* [Data provided]:
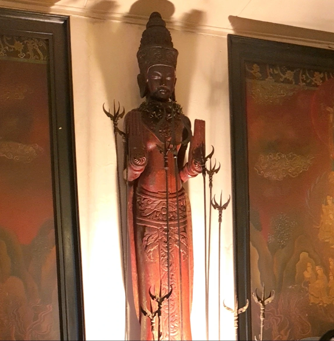 인도네시아 전통 양식의 목조문, 높다란 기둥, 석상, 그리고 낮게 깔린 조명 속 어스름한 홀.
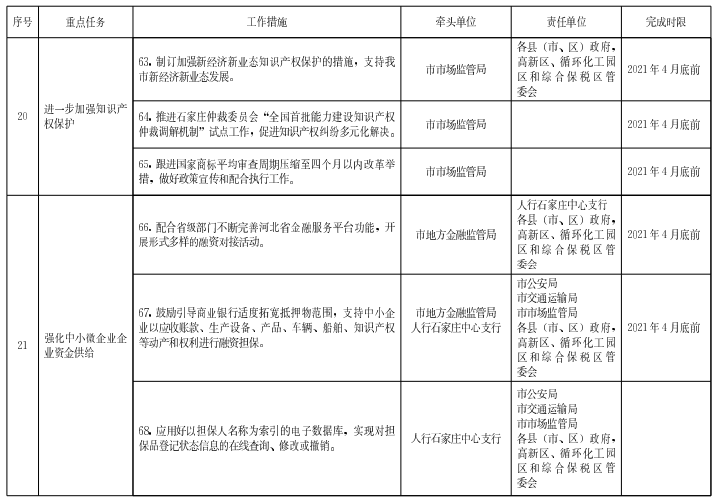 ?。ǘ唬?qiáng)化中小微企業(yè)資金供給。配合省部門不斷完善石家莊市金融服務(wù)平臺功能,開展形式多樣的融資對接活動。鼓勵引導(dǎo)商業(yè)銀行適度拓寬抵押物范圍,支持中小企業(yè)以應(yīng)收賬款、生產(chǎn)設(shè)備、產(chǎn)品、車輛、船舶、知識產(chǎn)權(quán)等動產(chǎn)和權(quán)利進(jìn)行融資擔(dān)保。應(yīng)用好以擔(dān)保人名稱為索引的電子數(shù)據(jù)庫,實現(xiàn)對擔(dān)保品登記狀態(tài)信息的在線查詢、修改或撤銷。推動規(guī)范和減免企業(yè)融資中的不合理收費,精簡審批程序,提高信貸規(guī)模和比重。
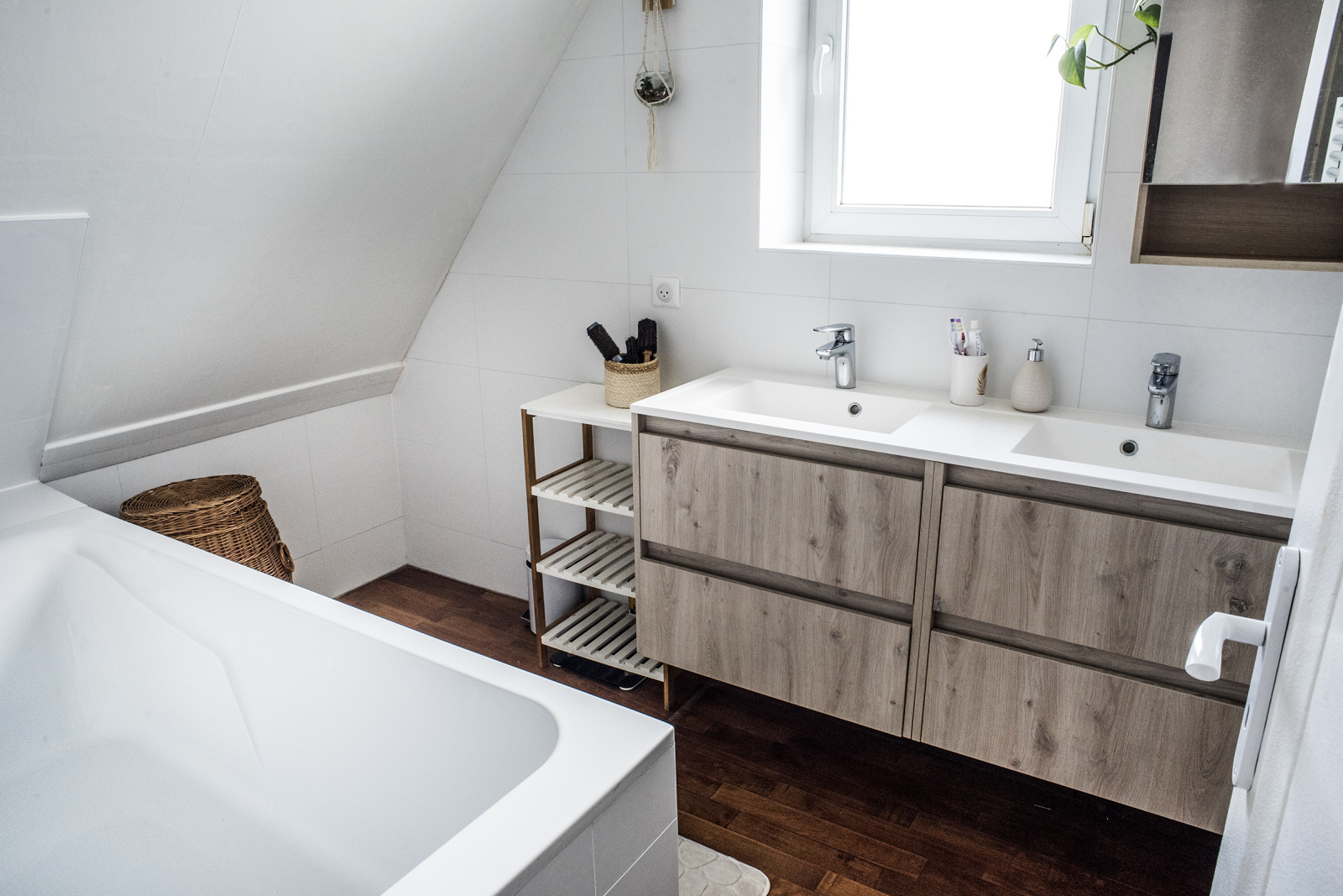 Montez à l’étage : un palier dessert deux jolies chambres aux volumes confortables, une salle de bain ainsi qu’un WC séparé pratique pour un étage nuit. Mais la visite ne s’arrête pas là. Par un escalier supplémentaire, accédez aux combles aménagés en une pièce sous toit avec deux velux — un espace cosy idéal comme chambre d’appoint, coin lecture ou bureau, selon vos envies.
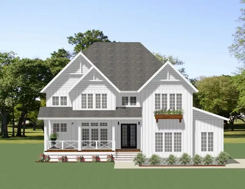 Paying homage to a simpler time, this stunning Craftsman cottage is a beautiful and totally functional family home. The perfect amount of space and beautiful details gives this 2-story, 3,176 square foot plan enough room for everyone to enjoy. This includes the master suite, complete with a private spa bath and sitting area, as well as 3 auxiliary bedrooms and 3.5 bathrooms. Did you notice that every bedroom in this home has its own walk-in closet? That's perfect for kids and guests of all ages! The first floor is also highlighted by its dual covered porches, a 2-story vaulted living room, and the attached gourmet island kitchen with nearby dining room. Plus, this plan has you covered on storage and other practical spaces too. Look no further than your 3-car garage with its built-in storage, or the upstairs bonus space that can be customized to your exact needs!
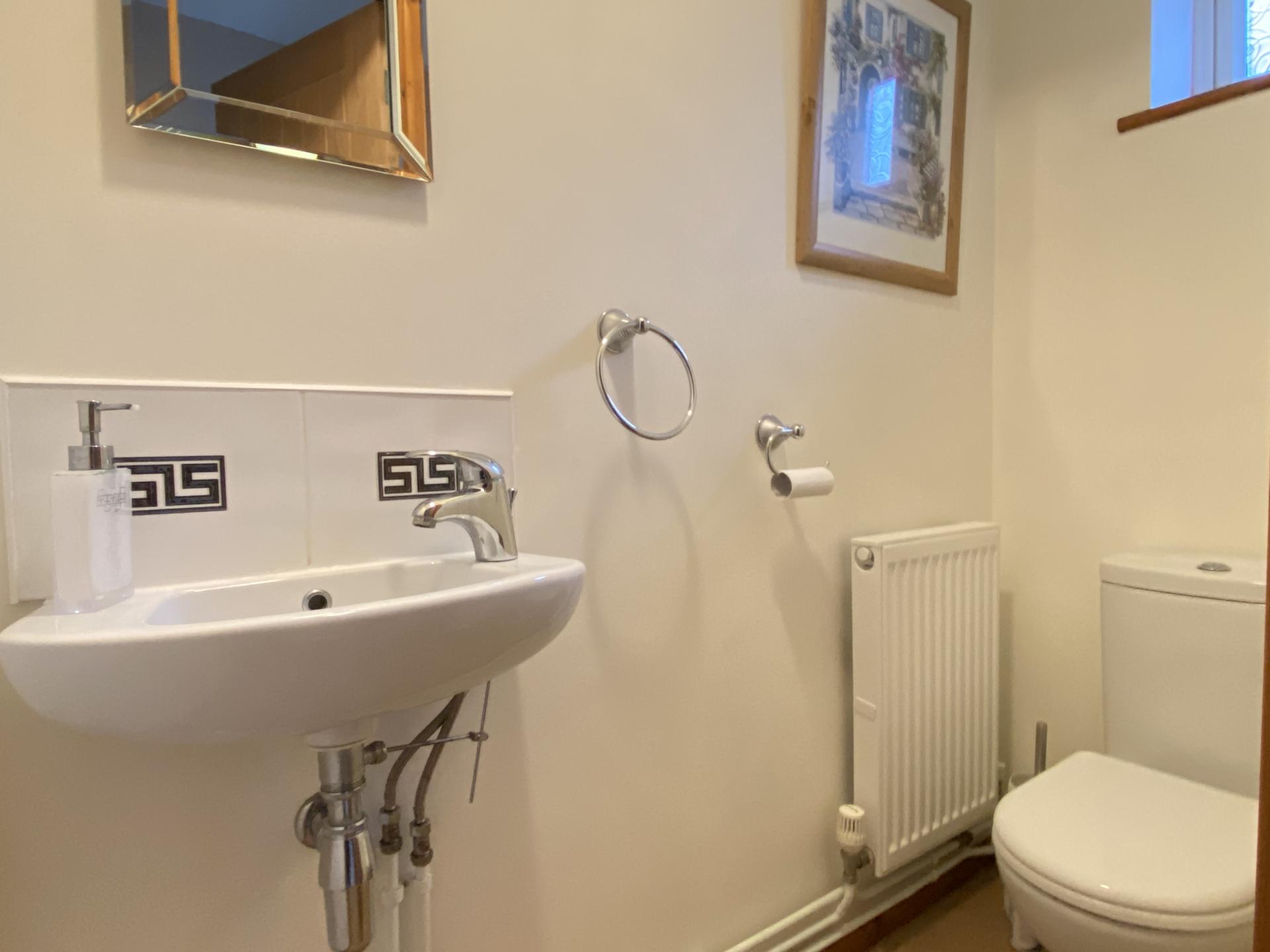 Cloakroom Fitted with a low-level WC, wall-mounted wash basin with mixer tap and tiled splashback, radiator, front aspect uPVC double glazed window with obscure glass.
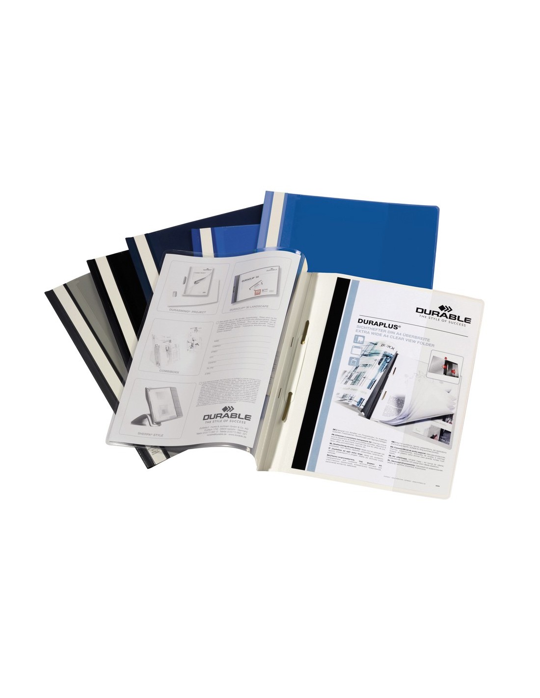 Dossier Duraplus® Durable. Fabricada en plástico, con fástener metálico con cierre de plástico, cubierta transparente y trasera opaca. Ventana con tira de papel en el lomo para personalizar el trabajo. Formato DIN A4. Tapa de 120 micras. Contratapa de 180 micras.
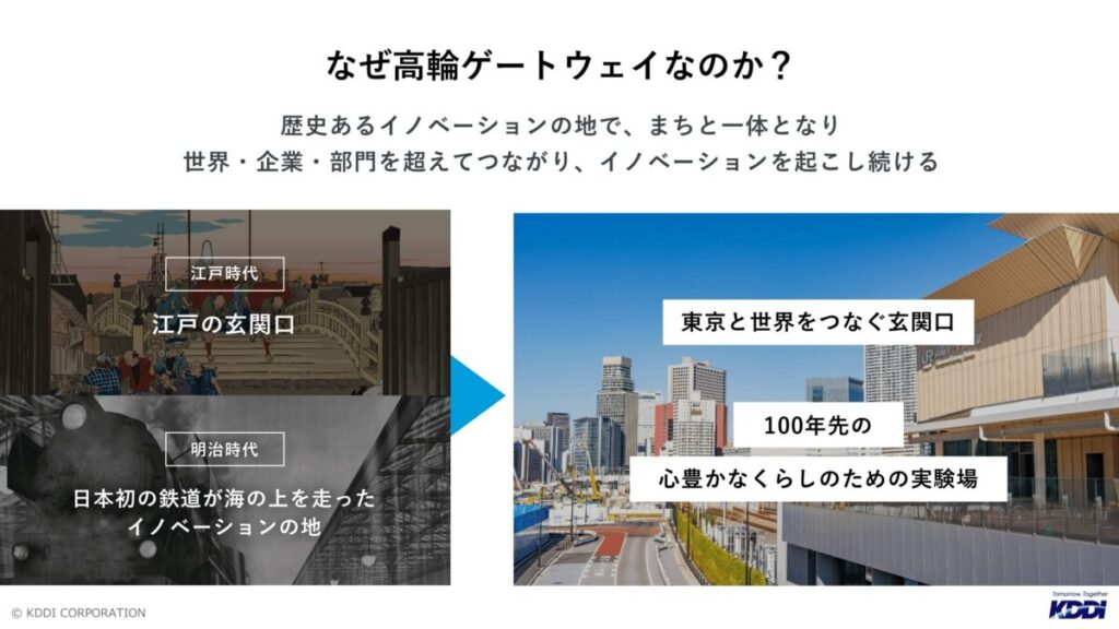 高輪ゲートウェイという新たな街づくりに、JRさん主導で私たちも携わらせていただいてきました。働き方をアップデートする実験場として、歴史を継承しつつ、さまざまな業界、分野の方が交流し、共創を生んでいく。そして、日本からイノベーションを生み出す場として、推し進めていきたいと考えています。

* [What is required]: Find the line that contains "Dossier Duraplus® Durable." and repeat it, along with every line after it to the end of the data, exactly; drop the pictures.

* [Response below]:
 Dossier Duraplus® Durable. Fabricada en plástico, con fástener metálico con cierre de plástico, cubierta transparente y trasera opaca. Ventana con tira de papel en el lomo para personalizar el trabajo. Formato DIN A4. Tapa de 120 micras. Contratapa de 180 micras.
 高輪ゲートウェイという新たな街づくりに、JRさん主導で私たちも携わらせていただいてきました。働き方をアップデートする実験場として、歴史を継承しつつ、さまざまな業界、分野の方が交流し、共創を生んでいく。そして、日本からイノベーションを生み出す場として、推し進めていきたいと考えています。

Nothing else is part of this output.